Back in 1900, Erwin Perzy I was working in Vienna as a fine instruments mechanic when a surgeon came to him with a problem. Although the surgeon had electric light bulbs installed in his operating theater, the newly invented product didn't cast great light. He wanted to know if Perzy could improve on the dim bulbs and make them brighter. So he got to work. As Perzy hunted for inspiration, he noticed that shoemakers had stumbled into an interesting trick: By filling glass globes with water and placing them in front of candles, they created tiny spotlights in their shops.

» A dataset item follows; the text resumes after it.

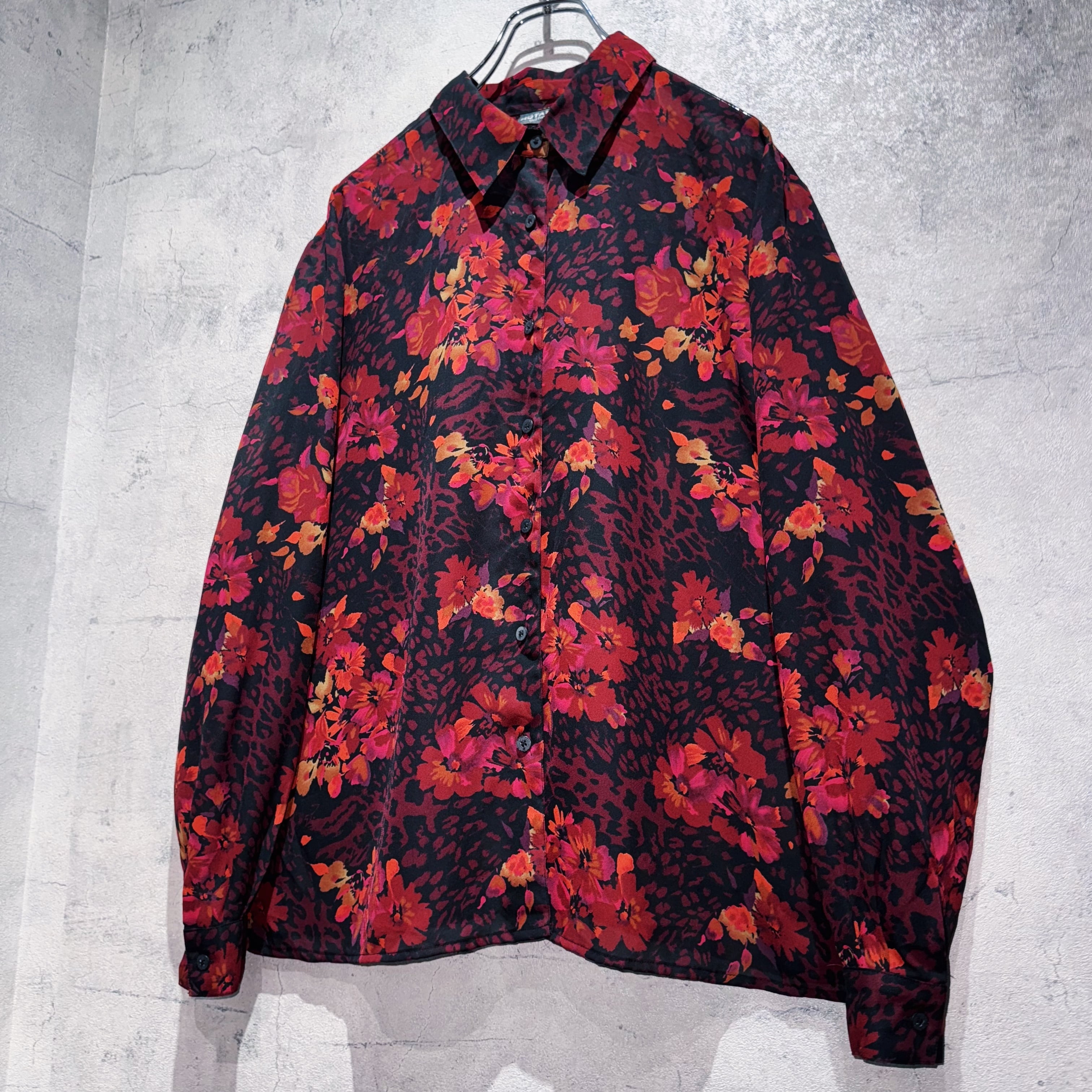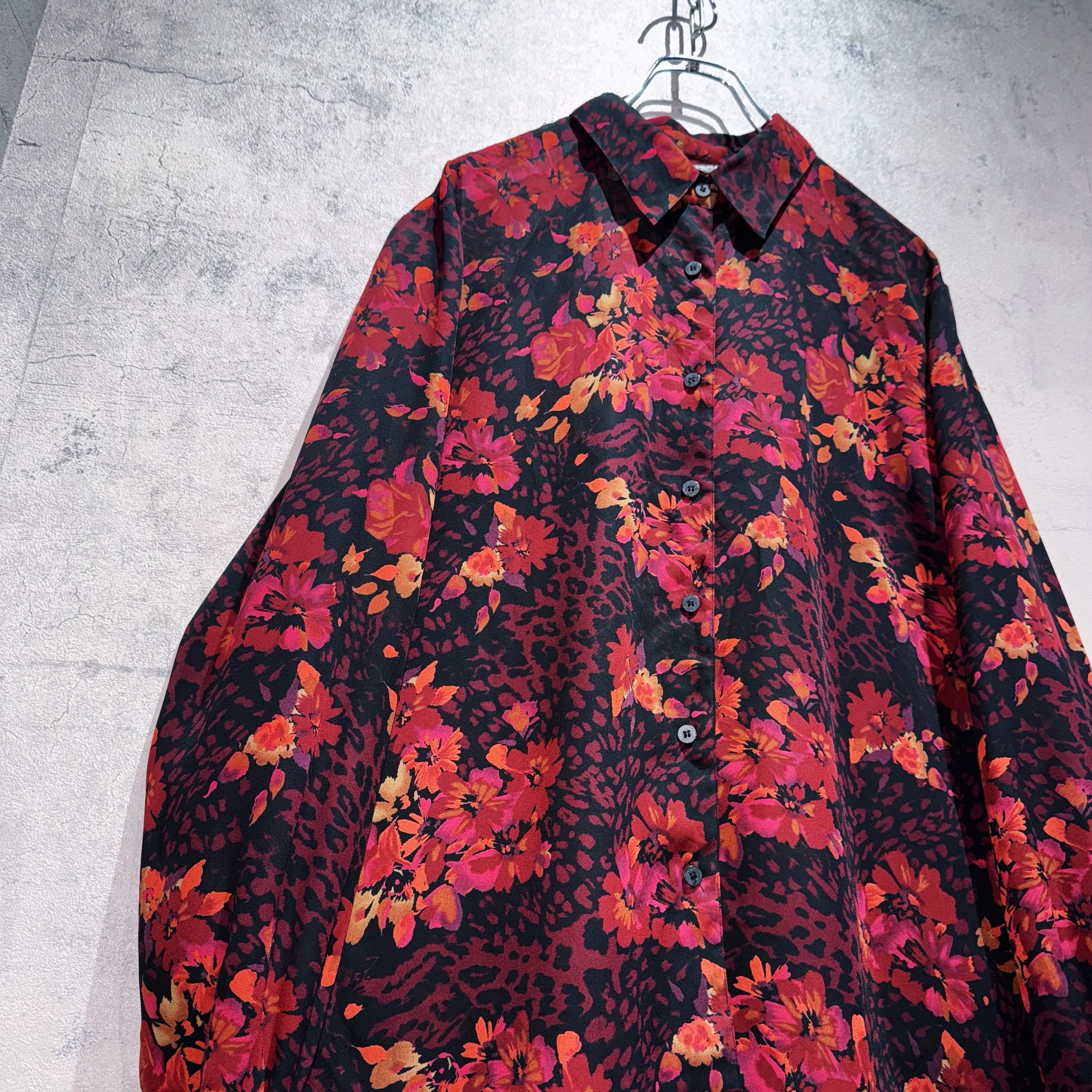 ヴィンテージビューティフルフラワー×レオパードパターンデザインシャツ

When Perzy tried the trick with a lightbulb, he discovered the brightness wasn't improved. But what if he added something to the water that the light could bounce off of? Perzy started with white semolina flakes, used in baby food at the time. “He poured [them] into the glass globe, and [they] got soaked by the water and floated very slowly to the base of the globe,” his grandson, Erwin Perzy III, told the BBC. “This effect reminded him of snowfall.”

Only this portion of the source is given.